14.) Hurd's "startling series of announcements" will "reshape the cloud" and perception of it. He mentioned Salesforce, NetSuite and Microsoft.

15.) We are the second-largest SaaS provider in the cloud," Ellison reminded everyone. (Salesforce is number one.) "We are larger than SAP and Workday combined."

16.) Take human capital management software, for example. "We added more new Fusion HCM core customers last quarter than Workday added for HCM and ERP customers," Ellison said. "That's just Fusion. Not Taleo!"

17.) And in case you forgot: "Oracle database and Java—those are the two most important platforms on the face of the Earth," Ellison said, pausing, "For building applications."

18.) "We think our PaaS business is one of our huge competitive advantages," Ellison said, speaking about platform-as-a-service. There's Salesforce on one side and Amazon on the other, but neither's huge in PaaS. "When you buy a SaaS product, it doesn't mean you're not going to build other things in the cloud," he said.

19.) Marc Benioff has "done a good job," and that's all well and good, but his company's platform "is not based on industry standards," Ellison said. Oracle database and Java are the industry standards.

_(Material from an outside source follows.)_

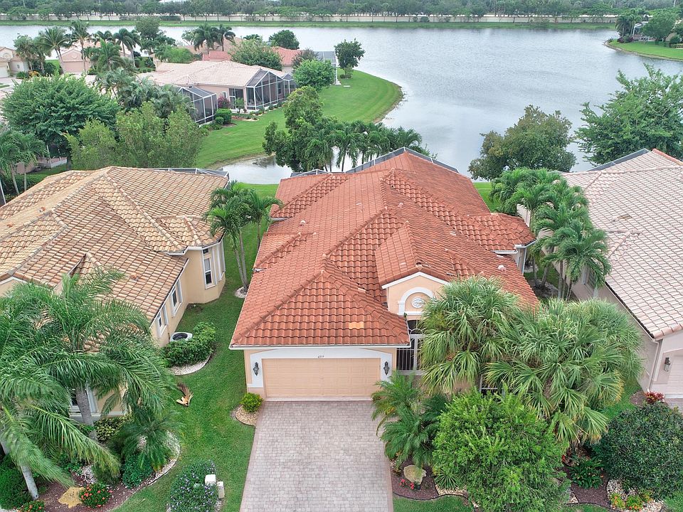 Beautiful sought-after Alexander model with 2 bedrooms plus den/convertible bedroom, 2 baths and gorgeous lake views. Upgrades include: A/C 2 years old, screened in front entry, decorative etched glass front doors, newer washer/dryer, crown and base molding, wainscoting, neutral tile on the diagonal, cabinets in laundry room, extended and screened in Lanai, generator with separate electric panel and accordion shutters. The spacious kitchen has beautiful medium toned wood cabinetry, black granite, black appliances, tiled backsplash, snack bar, breakfast area and large bay window. The master suite consists of neutral carpet, tray ceilings, fan and 2 large walk-in closets. The master bath has chandelier, wood framed mirrors, soaking tub, separate shower, dual sinks, (MORE)

20.) "We don't think any of the cloud players can compete with us at the platform layer," Ellison said.

21.) And in case you doubted Oracle on the cloud: "I'm very optimistic about our ability to compete in the cloud," Ellison said. "We're moving aggressively to sell not only our applications, but our database, and Java…we think the opportunity is gigantic and we're well-positioned." With the Oracle 12C database, that is.

22.) "When someone chooses an Oracle application in the cloud versus an Oracle application on-premise, we make more money over time," Ellison said. "We take that money differently, but…over a reasonable term, we benefit tremendously from a move to the cloud."

23.) "One of the reasons I think SAP can't compete with Oracle over the long term is because of [Oracle database] 12.1c," Ellison said. "We don't think anyone can touch it."

24.) "You think of Salesforce.com as a company with a strong foothold with companies that sell B2B," Ellison said. "We have an equally strong foothold with companies that sell B2C."

25.) "We just don't lose deals," Hurd said.